– Думаю, ты образумился, – услышал он довольный, почти мурлыкающий голос матери, опорожнившей второй стакан вина и затянувшейся вонючим табачным дымом. – Кстати, ты взял себе конфету в магазине?
Она неприятно рассмеялась, а у Вилли внезапно пропал весь пыл, и он снова съежился. Разумеется, ни про какие конфеты он в магазине и не вспомнил, как и про то, что у него сегодня день рождения.
– Нет, не взял, – всхлипнул он.
– Не расстраивайся так по пустякам, малыш. Завтра пойдешь опять на охоту и не забудешь про лакомства. В конце концов, что тебе терять? Как ни крути, а ты теперь малолетний преступник!
Попался Вилли уже на четвертый день – глупо, но вполне закономерно. Посылай его алчная мать «на дело» не ежедневно, а, скажем, раз в неделю, то оно, может, и продлилось бы дольше, но Перпетуя, познав вкус дармового вина, уже не могла угомониться. С самого утра ее потрепанный домишко оглашали зычные призывы хозяйки, обращенные к сыну:
– Эй, лежебока! А ну, поднимайся! Все бы тебе рожу в подушку давить! А о мамочке кто позаботится?
Шли каникулы, и школьникам, не занятым работой в крестьянских подворьях, дозволялось поспать подольше, но Вилли к их числу не относился. Ему нужно было брать сумку, пару грошей «для отмазки» и отправляться в супермаркет «заботиться о мамочке» и ее прожорливом сожителе.

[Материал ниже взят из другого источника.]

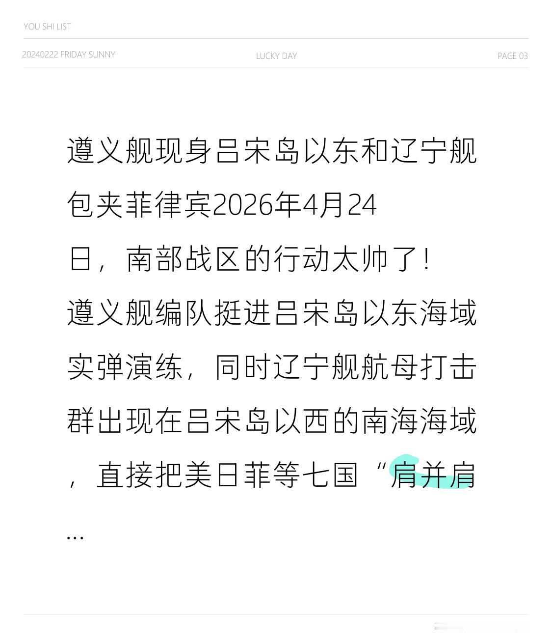 遵义舰在吕宋岛以东和辽宁舰包夹菲律宾 2026年4月24日,南部战区的行动太帅了!遵义舰编队挺进吕宋岛以东海域实弹演练,同时辽宁舰航母打击群出现在吕宋岛以西的南海海域,直接把美日菲等七国“肩并肩2026”联合军演给夹击了。这次美日菲把军演区域设在靠近中国岛礁的巴坦群岛附近,明显挑衅。但他们没想到解放军反包围,遵义舰编队扼守菲律宾海要冲,切断美军增援通道;辽宁舰编队锁死美日菲进入南海的可能。美菲这次军演兵力达1.7万人,日本还首次正式派成建制作战部队。解放军这波操作直接让菲律宾急得团团转,也宣告在中国家门口搞威慑的时代结束了!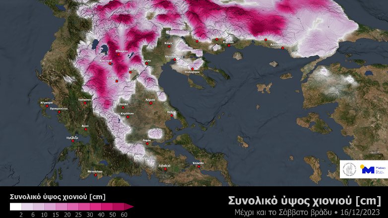 Εκτιμώμενο ύψος χιονιού στην Ελλάδα μέχρι το βράδυ του Σαββάτου – Φωτ.: Meteo

Было бы в городке несколько больших магазинов, он мог бы посещать их поочередно и таким образом избежать излишнего внимания, но в середине пятидесятых годов двадцатого столетия небольшие городки западной Германии не могли похвастаться большим количеством торговых центров, время которых тогда только начиналось, зато полнились крошечными лавочками, торгующими «всем помаленьку». За прилавком в таких магазинчиках, именуемых в народе лавкой тети Эммы, часто стоял сам хозяин или его жена, все было на виду, и ни о каком тихом воровстве не могло быть и речи. Потому-то Вилли и зачастил в единственный супермаркет Фильсхофена.

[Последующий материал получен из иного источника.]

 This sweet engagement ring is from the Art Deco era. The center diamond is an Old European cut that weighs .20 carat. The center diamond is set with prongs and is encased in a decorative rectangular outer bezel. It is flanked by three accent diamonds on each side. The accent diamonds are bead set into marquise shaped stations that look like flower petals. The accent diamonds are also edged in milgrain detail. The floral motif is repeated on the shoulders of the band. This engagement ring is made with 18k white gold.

Вторая и третья кражи прошли успешно. Продавщицы менялись, народу в магазине было немного, и никто не обращал внимания на невзрачного мальчонку, неизменно покупавшего самый маленький пакет картошки да пучок сельдерея. Покупок было, правда, маловато для той огромной полотняной сумки, что всегда лежала на дне его тележки, но суетливых служащих это не интересовало – не все ли равно, кто с чем ходит за покупками? Подойдя к кассе, мальчик долгим изучающим взглядом осматривал стеллаж с жевательной резинкой и леденцами, делая вид, что мучится выбором. В конце концов кассирше надоедало ждать, и она, бросив юному покупателю: «Позовешь, как закончишь!», удалялась в подсобное помещение двигать коробки или пудриться. Тогда мальчишка, быстро оглядевшись, совал в карманы две-три пачки сигарет Haus Bergmann или Marlboro и тут же кричал:
– Тетенька, можно мне заплатить?
– Надо же, не убежал с леденцом! – умилялась продавщица и вознаграждала честного мальца дешевой карамелью на палочке.

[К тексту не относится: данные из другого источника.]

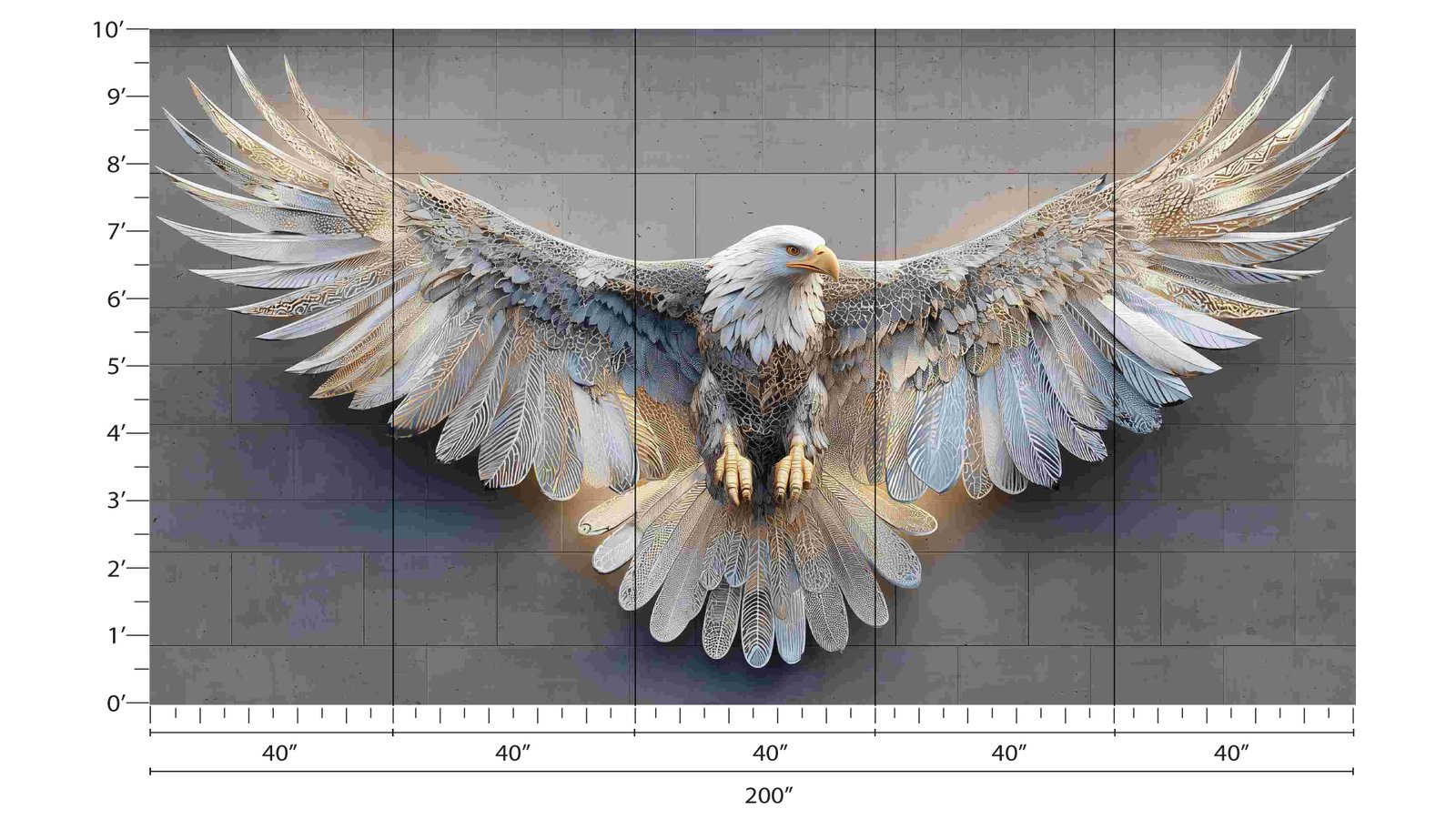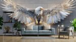 Intricately detailed eagle sculpture with outstretched wings mounted on a wall.

Дома мать или Барри выхватывали у Вилли из рук сумку и, милостиво разрешив ему «пойти поиграть», тут же принимались за откупоривание вожделенных бутылок с прозрачной и красной жидкостью. Крошечный домишко наполнялся свежим табачным дымом, проникающим во все щели, и Вилли распахивал окно в своей каморке, чтобы не щипало глаза. «Пойти поиграть» он, разумеется, не мог, так как не имел ни игрушек, ни друзей, и дни его проходили скучно и уныло, полные однотипных мечтаний да бесед с самим собой.
«Ну, что мы сегодня будем делать, друг мой?»
«Будем отдыхать, у нас ведь каникулы!»
«А не прогуляться ли нам к Фильсу, Вилли? Посмотрим на рыбаков…»
«Нет, Вилли, не пойдем – сапог нет, а там сегодня сыро. Опять схватим насморк».
«А может, повторим уроки к школе?»
«Чего там повторять? Одно и то же! Должно быть, учителя держат нас с тобой за слабоумных, Вилли!»
«Ну, или порисуем, пальцы потренируем?»
«Чернил нет».
«А чего ж мы не украли пузырек, когда были в магазине?»
«Дурак ты, Вилли! Разве до того нам с тобой было? Нужно о мамочке заботиться!»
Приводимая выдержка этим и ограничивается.